Histopathological observation of the tissue response at different time after 2 wt% PDLLA/NHA implanting operation ([a] and [b] 1 week, [c] and [d] 9 weeks): fiber cyst formation around implanted materials (black arrows region)

Fig. 9
figure 9

Histopathological observation of the tissue response at different time after 4 wt% PDLLA/NHA implanting operation ([a] and [b] 1 week; [c] and [d] 9 weeks): fiber cyst formation around implanted materials (black arrows region)
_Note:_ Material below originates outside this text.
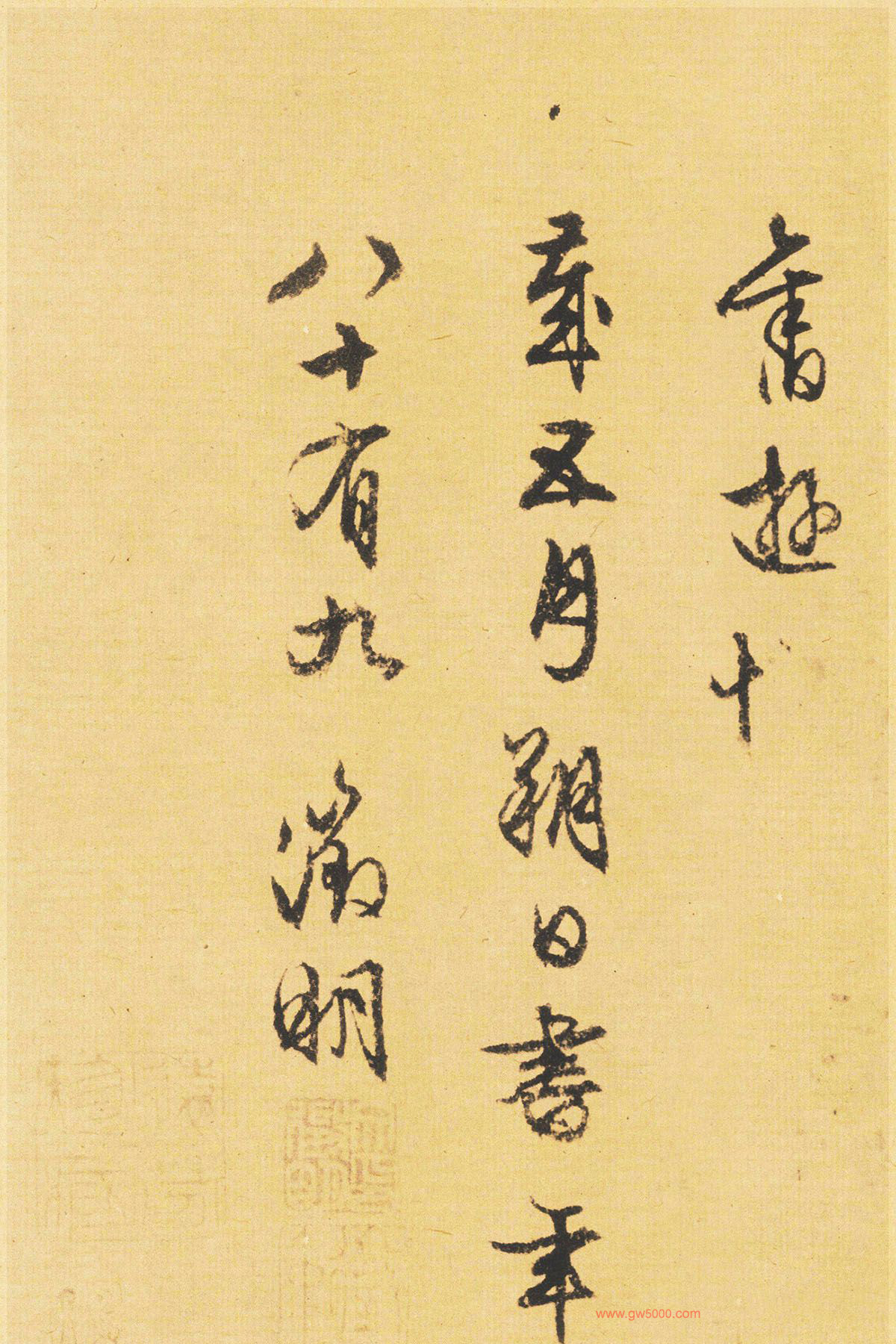 款识:“右诗,嘉靖乙酉春官京师时作,去今戊午三十有四(下缺),旧游(下缺),岁五月朔日书,年八十有九,徵明。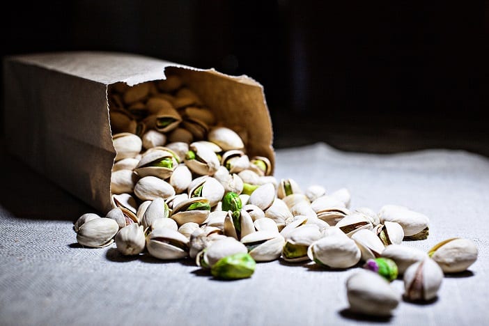 En cuanto a el pistache, "contiene una cubierta dura que constituye el 50% de su peso y que se debe desechar, obteniendo una semilla pequeña de color verde, dado por la luteína, con una delgada piel comestible alrededor, que debe su color morado oscuro a las antocianinas que contiene, ambos potentes antioxidantes".

Acute systemic toxicity was investigated by scaffold extracts intraperitone injection. There were no toxicosis and death cases observed in gross observation at 5 min and 24 h respectively.

Conclusions

In the present work, various PDLLA/NHA composites were prepared by in-situ polymerization of NHA and lactide monomer. Scaffolds with high porosity and pore sizes about 250 μm were fabricated through SC CO2/SL. The interconnected macropore structure is very suitable for cell seeding. The evaluation of PDLLA/NHA composite materials on cytotoxicity were carried out by cell relative growth rate (RGR) method and cell direct contact method. The cytotoxicity of these scaffolds was in grade I according to ISO 10993-1. PDLLA/NHA composites show better hydrophilic ability, enhanced mechanical properties and excellent biocompatibility than PDLLA materials, and the inflammatory response of tissue after implanting, which may be caused by degradation products, lightened by introducing NHA in PDLLA polymer matrix. So PDLLA/NHA nanocomposites are very attractive in tissue engineering field.